Over 40% of all book bans in the 2022-23 school year were in Florida, followed by Texas and Missouri, according to the free-speech and anti-censorship organization PEN America.
Approximately 86% of book bans were instigated by groups like Moms for Liberty, which has provided book lists to chapter members across the country, singling out the same titles over and over again.
Those include Maia Kobabe’s Gender Queer, George Johnson’s All Boys Aren’t Blue, and Nobel laureate Toni Morrison’s The Bluest Eye, among others.
PEN America says 30% of all book bans have targeted titles with LGBTQ+ characters or themes, while 30% have targeted books with characters of color or discussions of race and racism.

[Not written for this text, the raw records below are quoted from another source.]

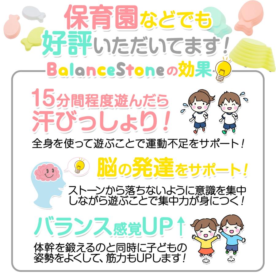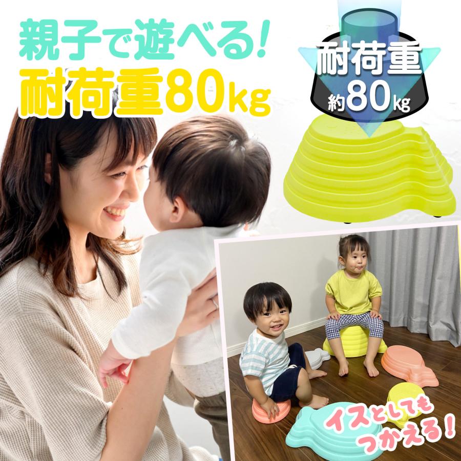 耐荷重約80kg。親子で一緒に「飛び石遊び」が楽しめるほか、 施設やイベントでは広い空間に沢山のバランスストーンを配置して、 大勢の子供たちに遊んでもらう事も可能です。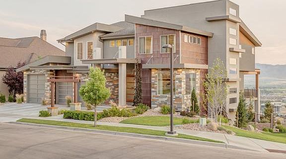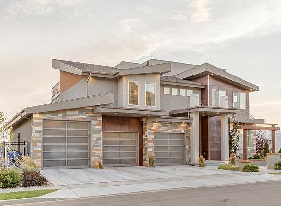 Want a home that will take your breath away? This multiple award winning 2012 Parade of Homes Home by Ezra Lee is a breathtaking piece of Art! The million $ views in this home will inspire vision, creativity, and innovation all day long. This modern design home features 5 bedroom suites which include their own private bathroom with 2 additional guest 1/2 bathrooms! The stunning main floor office is a perfect work space, or get away to the main floor library that warmly invites you to endlessly read your favorite book. With entertainment space galore, hosting family and friends is easy and features a 'conversation table' (included) that lowers or raises for guests to gather around for endless fun. This one of a kind kitchen includes an induction cook top for maximum efficiency and safety and plenty of gorgeous cupboard space. The home has an extra deep bay three car garage. The details of this home cannot be overlooked with pallet board throughout, custom designed barn doors and cabinets, sky lights and massive windows to capture the beauty of nature and loads of natural light! Additional features include a yoga/exercise room with full length mirrors, a large bonus room, a putting green just off the main floor, a 4th level green deck/patio that is great for watching fireworks and early morning yoga or star gazing. The exterior house lighting is on a solar digital timer. The built-in- gas fire pit on the back patio is perfect for entertaining!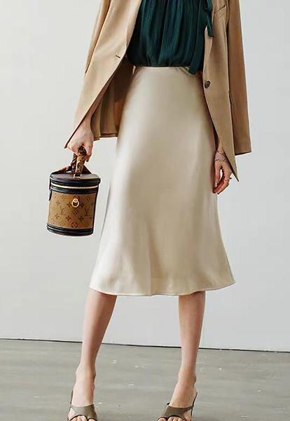 浅咖色系还可以和墨绿色搭配,这套浅咖色外套和半裙,和绸质的墨绿色搭配,也是别有风情。橄榄绿的凉鞋和墨绿的上衣呼应,也是搭配得既养眼又时尚。

Nearly 40% of the bans sought by Moms for Liberty have targeted LGBTQ+ identity, according to the American Library Association’s Office for Intellectual Freedom.
Jason DeShazo, a drag queen performer known as Momma Ashley Rose, runs the LGBTQ+ community center in Lakeland, Florida and is one of the “Books Not Bans” recent recipients. He said the books from Robbins are already on shelves.
“I don’t think a person of color should have to search so hard for an amazing book about history of what our Black community has gone through,” DeShazo said. “Or for someone who is queer to find a book that represents them.”
For Robbins, those include queer young adult romances, which she called a rapidly growing genre in the face of Moms for Liberty and other anti-LGBTQ+ forces trying to erase queer identity.
“The characters are just like regular kids — regular people who are also queer, but they also get to fall in love and be happy,” Robbins said.
“Fiction teaches us how to dream,” Robbins added. “It teaches us how to connect with people who are not like ourselves. It teaches us how to listen and empathize.”